Le président des États-Unis, Joe Biden, a déclaré qu’il ne savait pas si le Premier ministre israélien, Benjamin Netanyahu, traînait les pieds pour conclure un accord de cessez-le-feu à Gaza afin d’influencer les élections américaines de novembre.
La question lui a été posée directement lors d’une conférence de presse à la Maison Blanche , quelques jours avant le premier anniversaire de la guerre, au cours de laquelle au moins 41 802 Palestiniens de Gaza ont été tués.
« Aucune administration n’a aidé Israël plus que moi. Aucune. Aucunu. Aucune. Et je pense que Netanyahou devrait s’en souvenir », a déclaré Biden.
« Je ne sais pas s’il essaie d’influencer les élections, mais je ne compte pas là-dessus.
Depuis des mois, l’administration Biden minimise la possibilité qu’Israël puisse intentionnellement retarder la conclusion d’un tel accord, rejetant régulièrement sur le Hamas la responsabilité de l’échec des négociations. Elle a agi de la sorte en dépit de rapports répétés indiquant que la position de Netanyahou avait évolué tout au long des pourparlers, empêchant toute percée.
Pourtant, certains démocrates de premier plan se demandent de plus en plus si Netanyahou pourrait avoir un œil sur les élections américaines – et la possible victoire de l’ancien président Donald Trump – dans son calcul militaire.

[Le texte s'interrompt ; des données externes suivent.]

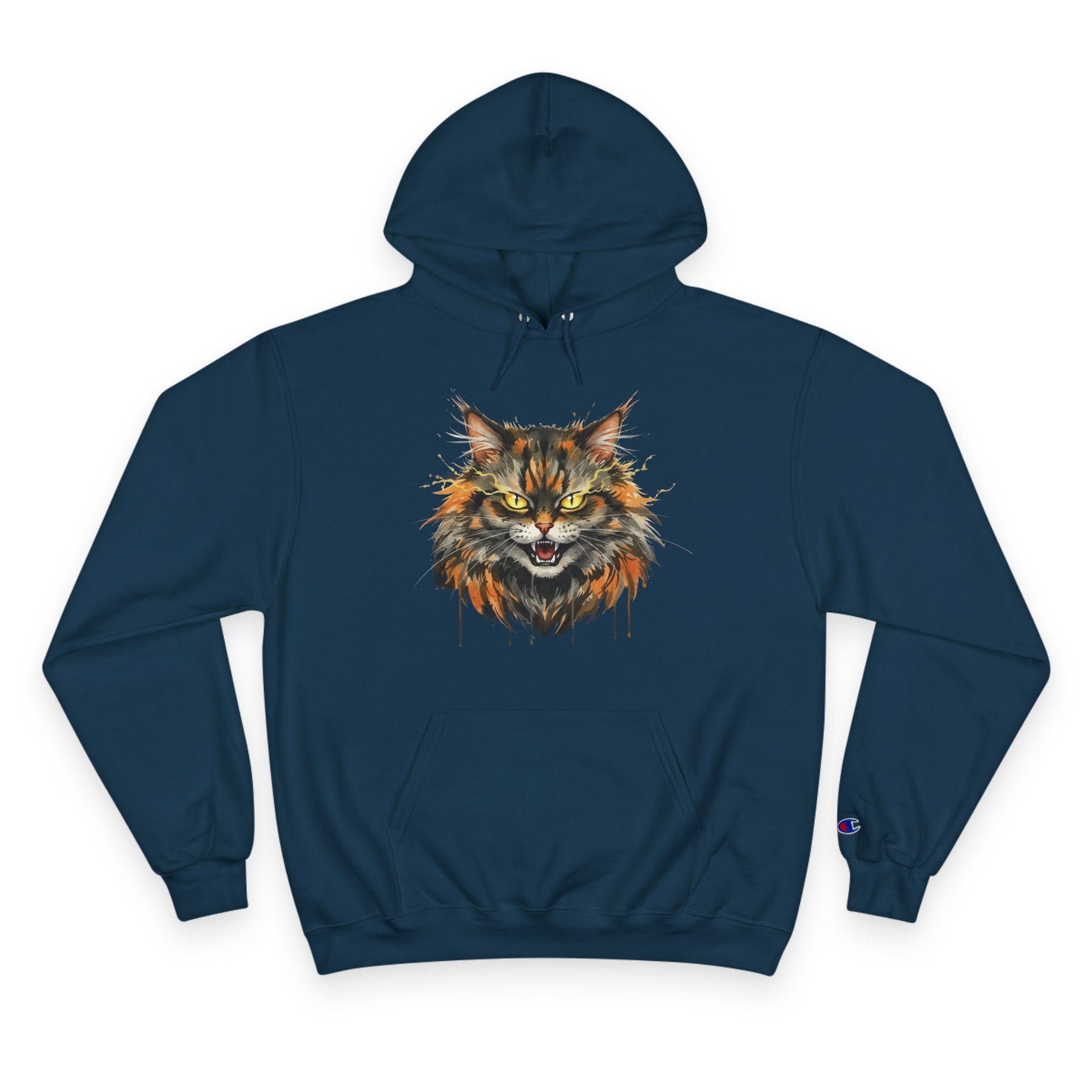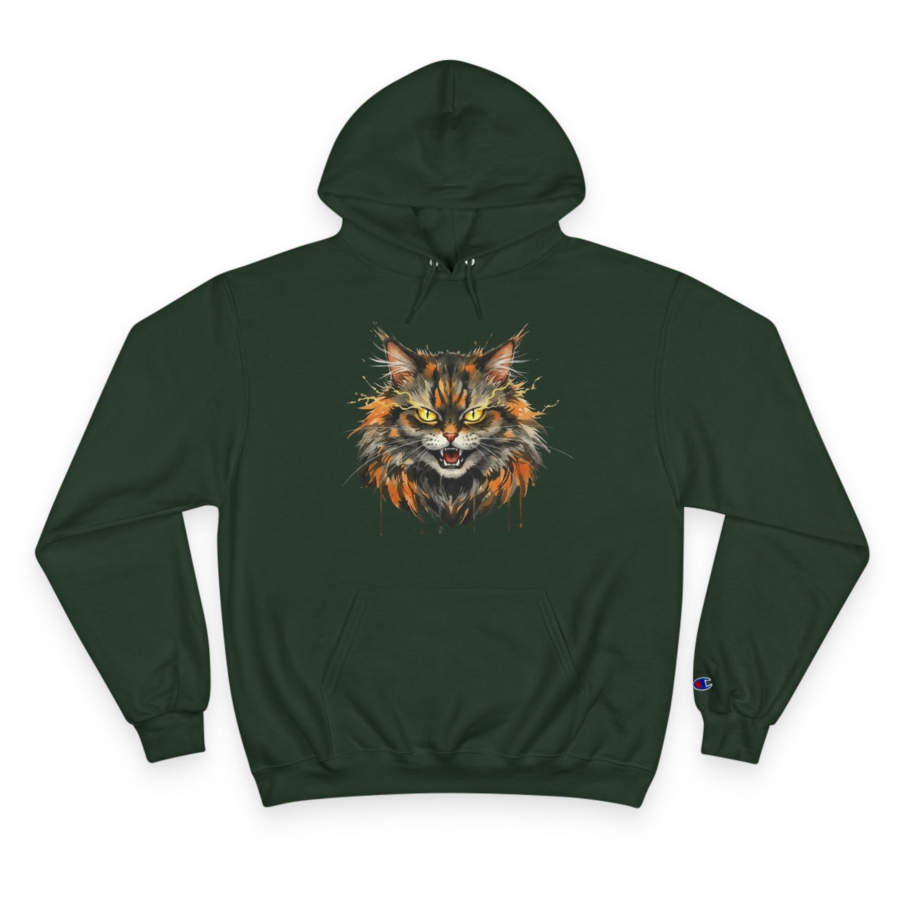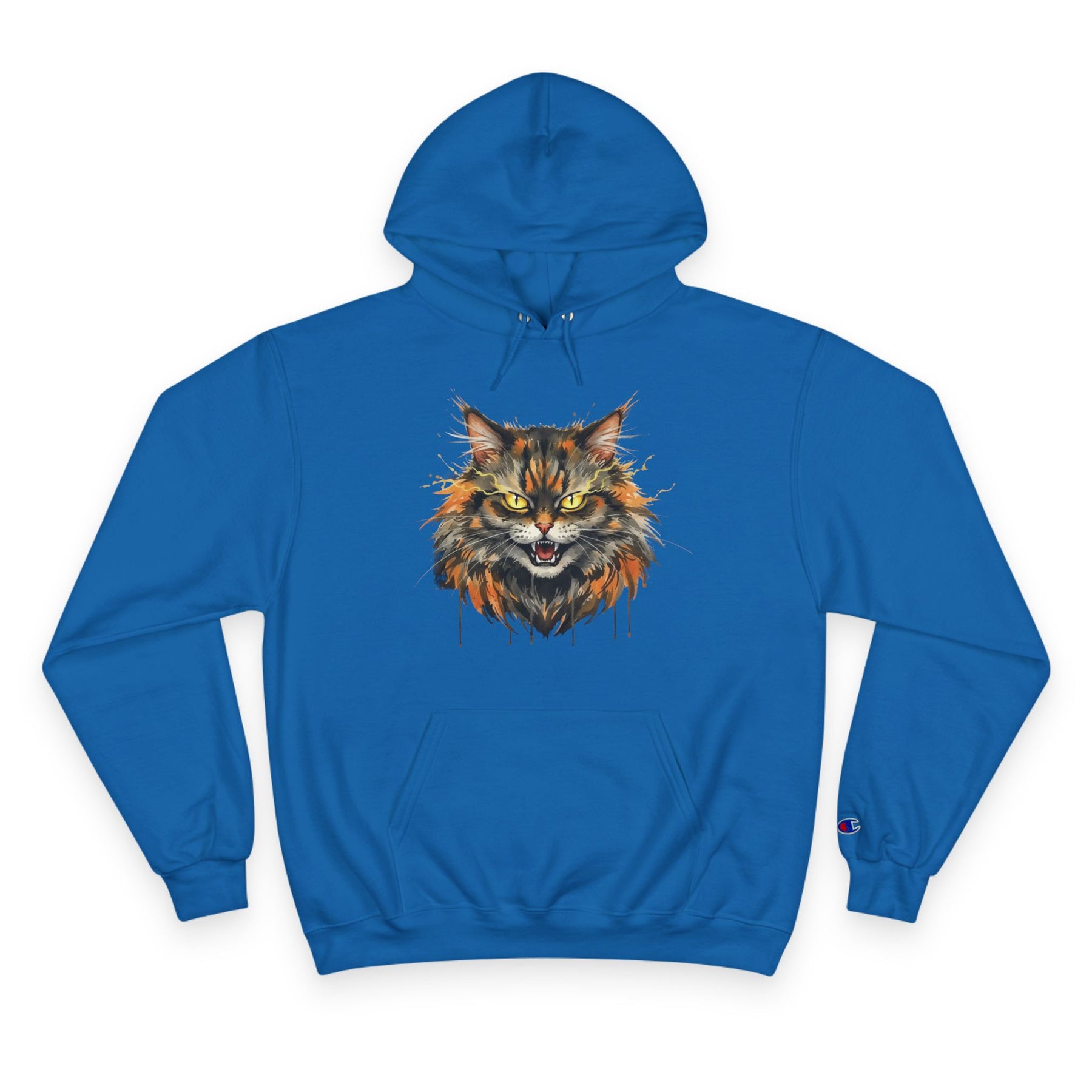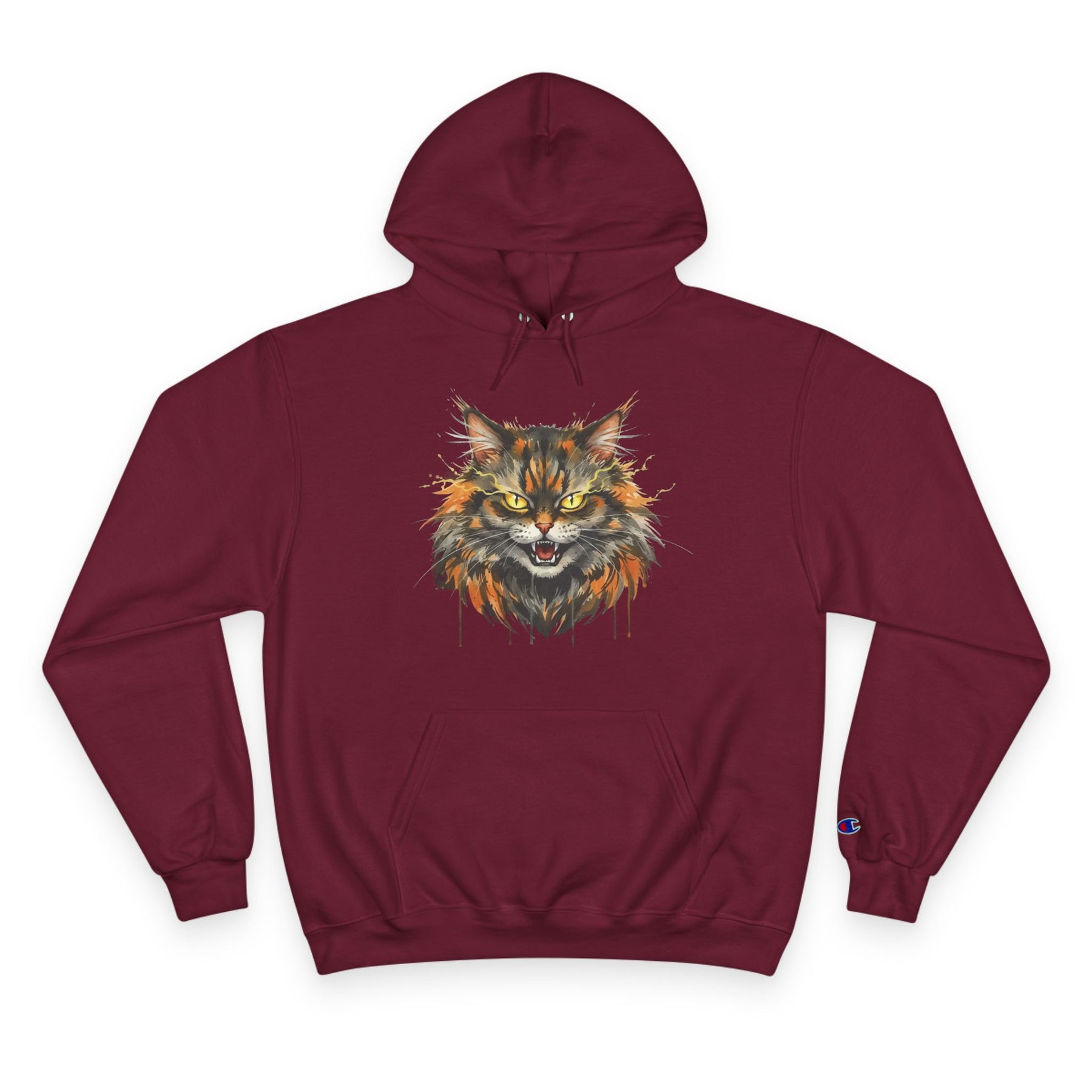 This midweight Champion hoodie brings a fierce, artistic energy to everyday comfort. A richly detailed, watercolor-style wildcat face sits centered on the chest — its layered brushstrokes and subtle drips feel alive, raw, and slightly untamed. The laid-back regular fit, roomy kangaroo pocket, and adjustable two-ply hood make it worn-in cozy from the first wear. Durable 50/50 cotton-poly fabric holds vibrant prints while resisting shrinking and stretching; the soft interior and medium-heavy weight keep you warm without feeling bulky. Small details like the embroidered “C” on the sleeve and a sewn-in care label add authenticity. Wear it when you want to carry a little wildness into the city, the studio, or slow mornings at home.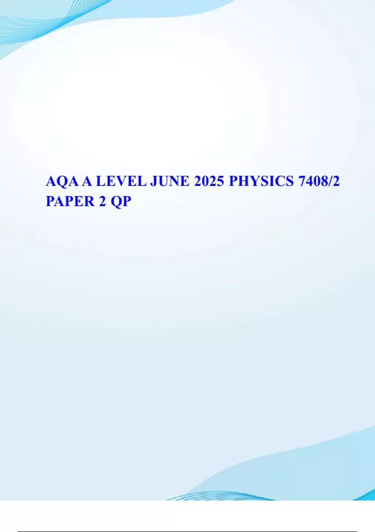 AQA A LEVEL JUNE 2025 PHYSICS 7408/2 PAPER 2 QP
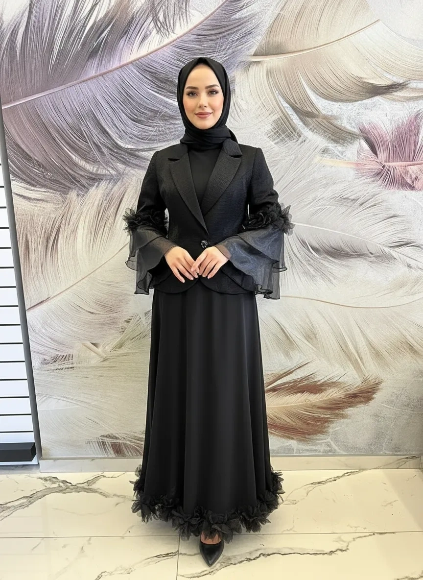 Merihce Luxury kalitesini her detayda hissedeceğiniz GAZELLA-TÜL DETAYLI ETEKLİ TAKIM SİYAH, gardırobunuzun vazgeçilmezlerinden biri olmaya aday.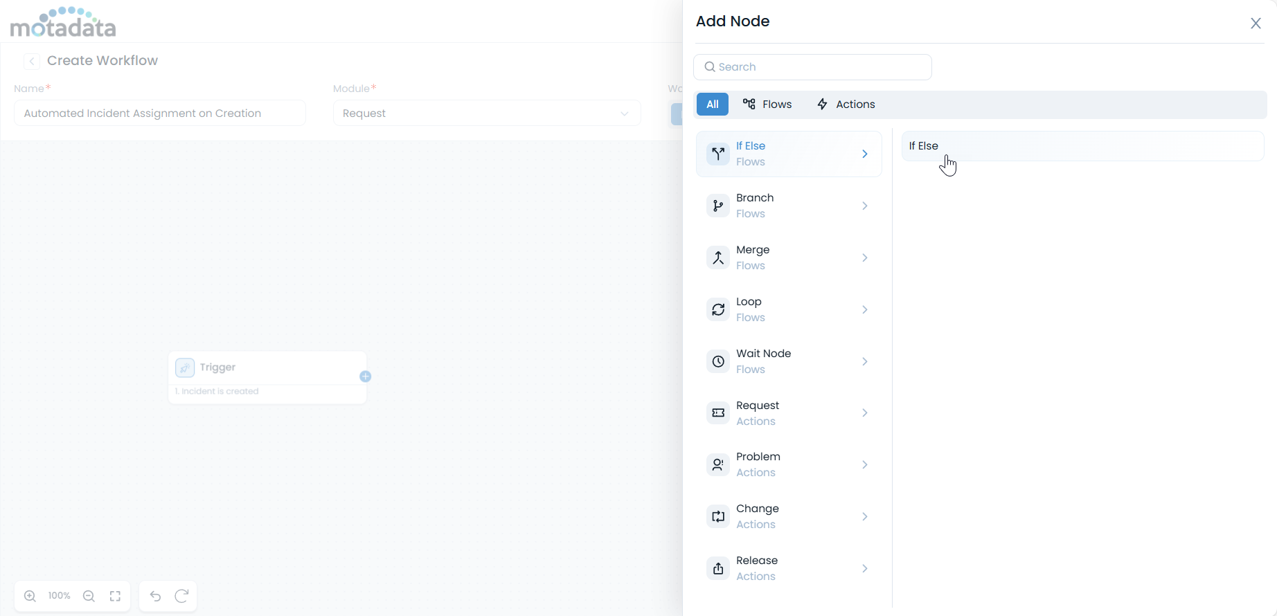 - Flow Node (If/Else): Add an "If/Else" node to evaluate the incident's priority. Set the condition either directly:

Trump est depuis longtemps le locataire préféré de Netanyahou à la Maison Blanche. Lors de la campagne, le républicain a attaqué la candidate démocrate, la vice-présidente Kamala Harris, sur l’incapacité de l’administration Biden à parvenir à un accord.
« Je ne pense pas qu’il faille être un cynique désespéré pour penser que certaines actions d’Israël, certaines actions du premier ministre Netanyahu, sont liées à l’élection américaine », a déclaré le sénateur Chris Murphy, un proche allié de Biden, à CNN au début de la semaine.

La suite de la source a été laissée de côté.